FDA and CDC back safety of Merck & Co’s Gardasil

by | 21st Aug 2009 | News

US health regulators have come out firmly behind Merck & Co’s Gardasil, saying that the cervical cancer vaccine remains safe and effective, despite an analysis earlier this week which cast doubt on the treatment.

US health regulators have come out firmly behind Merck & Co’s Gardasil, saying that the cervical cancer vaccine remains safe and effective, despite an analysis earlier this week which cast doubt on the treatment.

The US Food and Drug Administration and the Centers for Disease Control and Prevention (CDC) said that Gardasil “continues to be safe and effective, and its benefits continue to outweigh its risks”. The joint statement came in response to an analysis published in the Journal of the American Medical Association, co-authored by the FDA and CDC and based on reports of adverse events to the Vaccine Adverse Events Reporting System, between Gardasil’s launch in June 2006 up to December 2008. It described 12,424 reports of adverse events following vaccination, 772 (6.2%) of which were serious.
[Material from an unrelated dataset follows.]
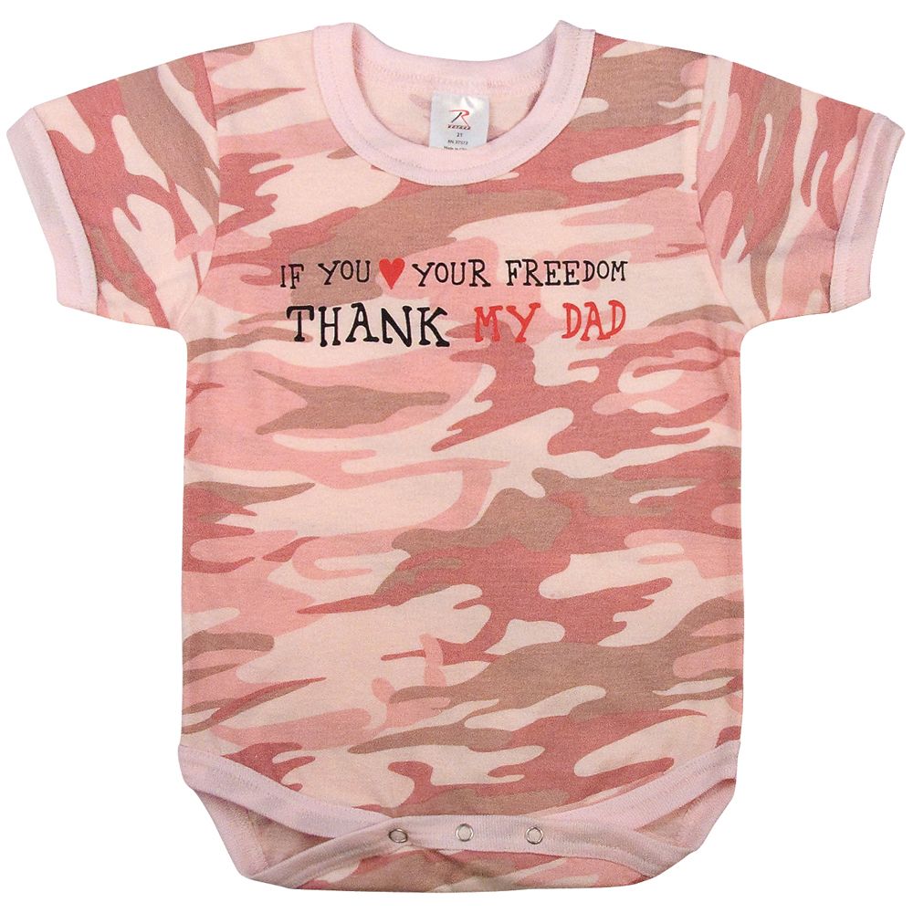Infant Baby Pink Camouflage OThank My Dado One Piece Bodysuit is a smart looking bodysuit designed for your little one. It is made from 100% cotton. It features a snap bottom that allows you to dress the little one easily. It sports a baby pink camouflage print with words if you love your freedom, thank my dad. It is available in different sizes. It is short-sleeved and has a round neck. Its sports a baby pink lining on the neck, sleeves and on the snap-bottom. It also sports a white label on the inner side of the neck. Your little one will definitely look a million dollars in it.

The Gardasil safety review assessed a wide range adverse events, including local injection site reactions, fainting, dizziness, nausea and headaches, as well as Guillain-Barre syndrome, venous thromboembolic events and deaths. All of these events are included in the vaccine’s labelling, the FDA and CDC noted, and while a higher proportion of Gardasil reports were of fainting and VTEs compared with other vaccines, none of the adverse events “were reported at rates greater than expected in a population of this age and gender and with other known contributing factors to these adverse events”.
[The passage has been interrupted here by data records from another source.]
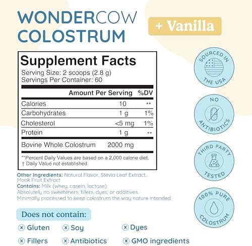 Bovine colostrum has been shown to provide a variety of health benefits. With our premium WonderCow colostrum powder supplement, you can experience the full benefits of bovine colostrum. Our product features less processed whole colostrum, which makes it more effective compared to others on the market.
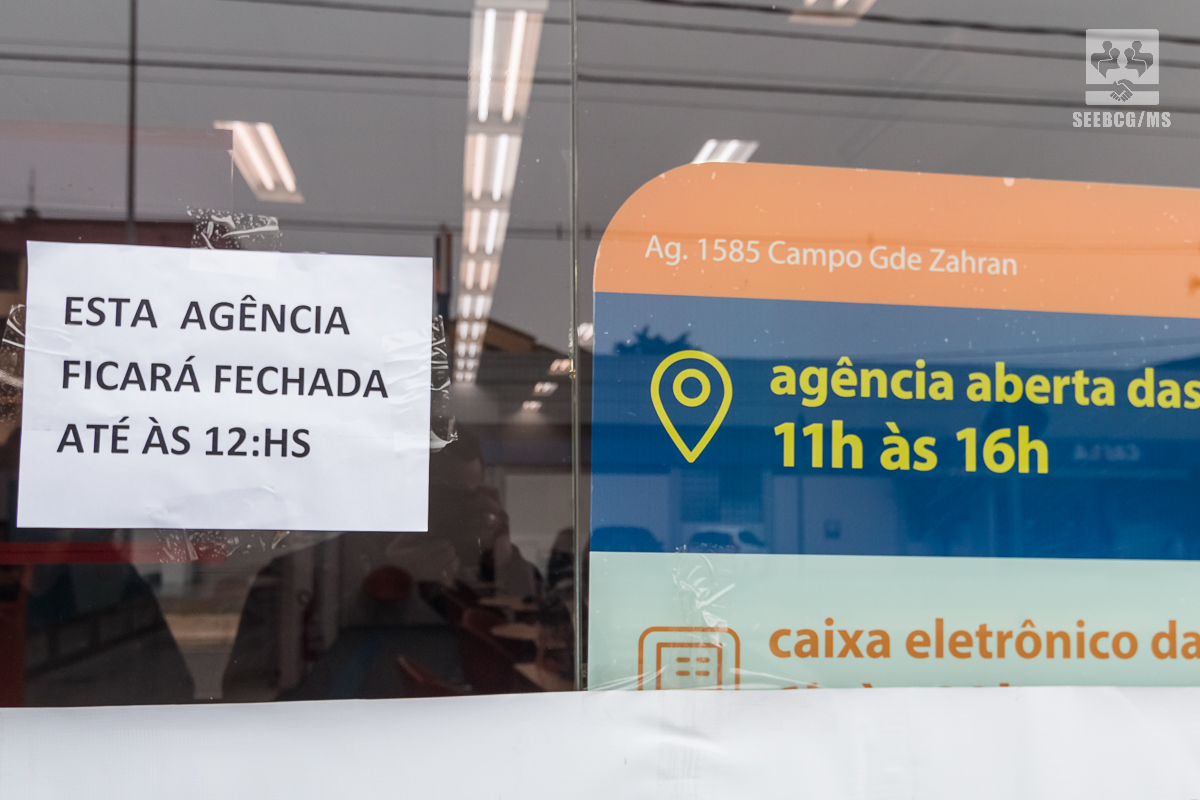 Depois de rejeitar a proposta dos bancos por considerar insuficiente, o Comando Nacional dos Bancários indicou que os sindicatos fizessem um dia de paralisação total ou parcial nessa quarta-feira (dia 22). Em Campo Grande, o SEEBCG-MS retardou em 1h a abertura das agências da Avenida Eduardo Elias Zahran, que só abriram depois do meio dia.
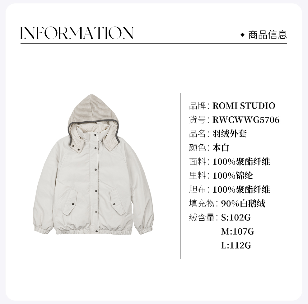 ROMI STUDIO90白鹅绒蓬松轻盈一手长廓形连帽羽绒外套RWCWWG5706
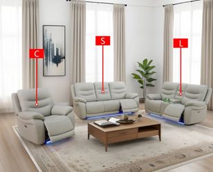 Light Grey Breathing Leather And PVC 3 PCs Living Room Recliner Sofa Set Brand New $1,700Monroe Township, NJ
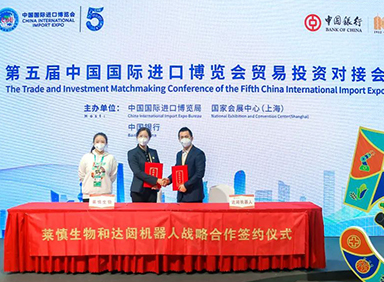 第五届中国国际进口博览会正在如火如荼举行。11月6日,上海莱慎生物科技股份有限公司(以下简称“莱慎生物”)与j9娱乐集团机器人股份有限公司(简称“j9娱乐集团”)签署生态战略协议,莱慎生物董事长助理兼营销总监薛东英、j9娱乐集团销售总监吴新明作为企业代表进行签约,这代表着j9娱乐集团云端机器人国家新一代人工智能开放创新平台生态业务在公共卫生领域大步迈进。
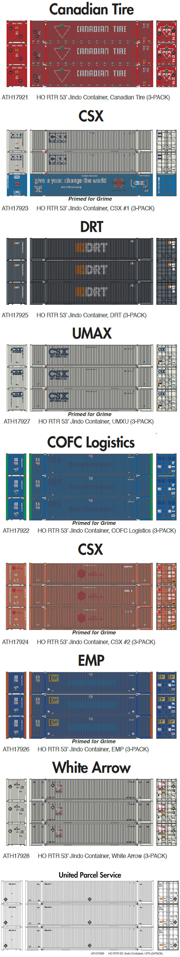 Athearn has announced a new production run of their Jindo 53' domestic containers in the paint schemes shown above. Expected delivery is May 2019. [posted 07/12/2018]

During that time period, Merck distributed over 23 million doses of Gardasil in the USA. Given this number of doses,” it is expected that, by chance alone, serious adverse events and some deaths will be reported”, said the FDA and CDC and indeed 32 deaths have been confirmed. However, “there was not a common pattern to the deaths that would suggest they were caused by the vaccine,” the agencies noted.

The FDA and CDC will continue to “closely monitor the safety of Gardasil”, but conclude by saying that the product will “potentially benefit the health of millions of women” by providing protection against the types of human papillomavirus in the vaccine that cause cervical, vulvar and vaginal cancer, genital warts, and other HPV-related genital diseases.